この手の光雲が原型を手がけた仏像のたぐいは、都内のあちこちの寺院で見ることが出来ます。浅草寺の沙竭羅龍王像などもその一つ。また折を見て他の寺院の像を拝観し、レポートしたいと思っております。
【今日は何の日・光太郎 拾遺】 6月22日
明治43年(1910)の今日、智恵子が旧制米沢中学の生徒・鈴木謙二郎に宛てて葉書を書きました。
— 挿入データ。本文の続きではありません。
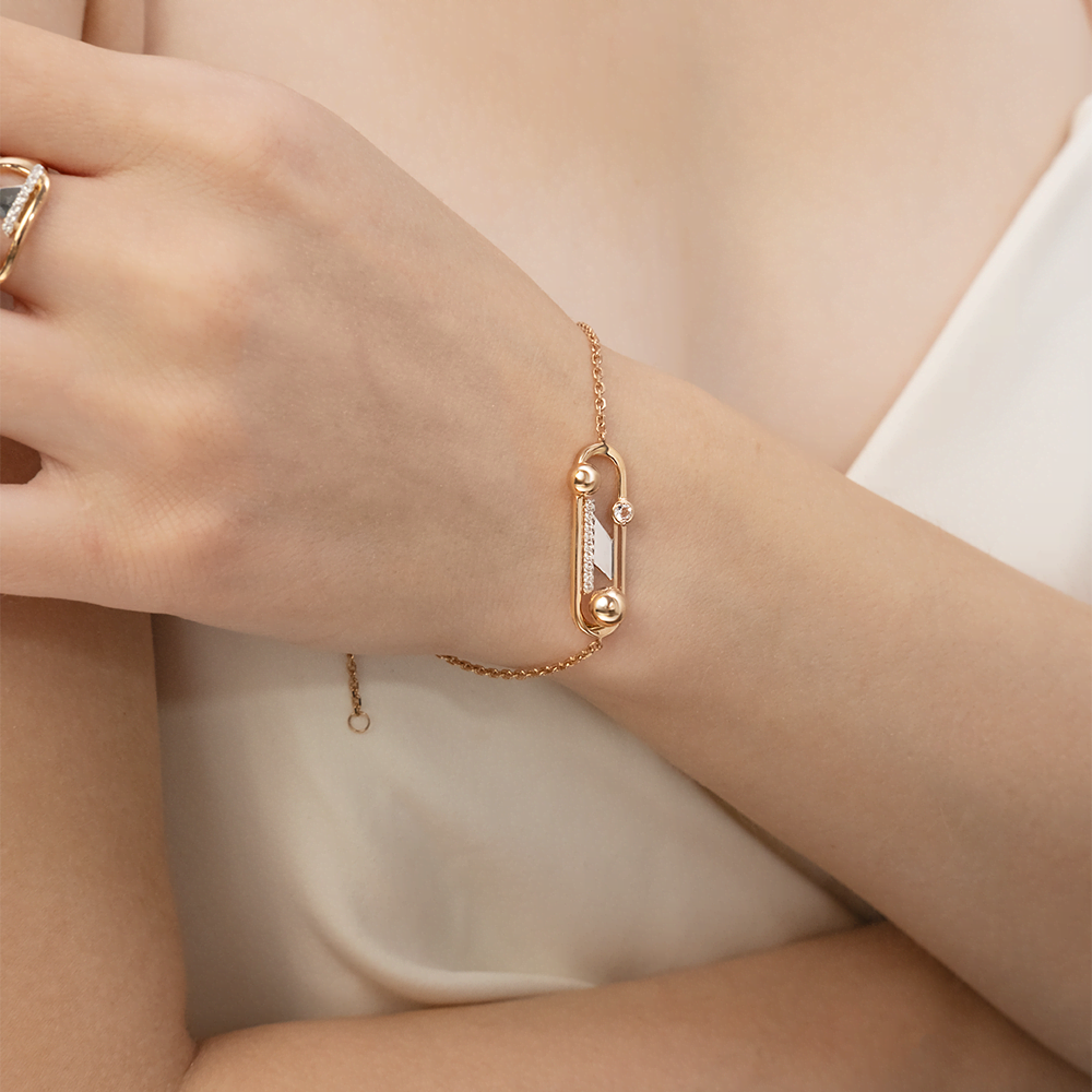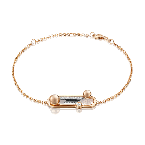 Браслет из красного и белого золота 585 пробы на цепочке с white-топазами из коллекции PLATINA LINE от ювелирного бренда PLATINA. Дизайн украшения в стиле минимализм и геометрия. Композиция декоративной части многослойная, имитирует силуэт скрепки, с асимметричным расположением разных по размеру шаров на овальном элементе. Изделие инкрустировано натуральными white-топазами, закрепка которых выполнена вручную. Браслет подойдёт к деловому и повседневному гардеробу, а также для коктейльных и вечерних мероприятий.

実はねからだがあまり思はしくなかつたのであれから今迄房州に行て居りましたのです 昨夕帰て御はがきを拝見しました さうでしたか けふは廿二日 もう退院なすつたかとも存じますが如何です 其後の御経過はお宜しいですか 其中都合して病院ならば御伺したいと思ますが女は不自由で困ります、まァ折角御摂養して御全快の程祈上ます
鈴木は智恵子の七歳年下。明治40年(1907)、智恵子が父と弟と共に、福島県北部の原釜海岸にあった金波館という旅館での潮湯治(海水浴をそう呼んでいました)逗留中に知り合い、以後、姉弟のように文通をするようになりました。この書簡の「実はね」という書き出しも姉のような雰囲気ですね。
智恵子から鈴木宛の書簡は17通確認されています。智恵子の書簡は70通ほどしか見つかっていません(まだまだどこかに眠っていそうですが)ので、そのうちの17通というのは、かなりのパーセントです。
鈴木はこの時、東京帝大病院の耳鼻科病棟に入院していたとのこと。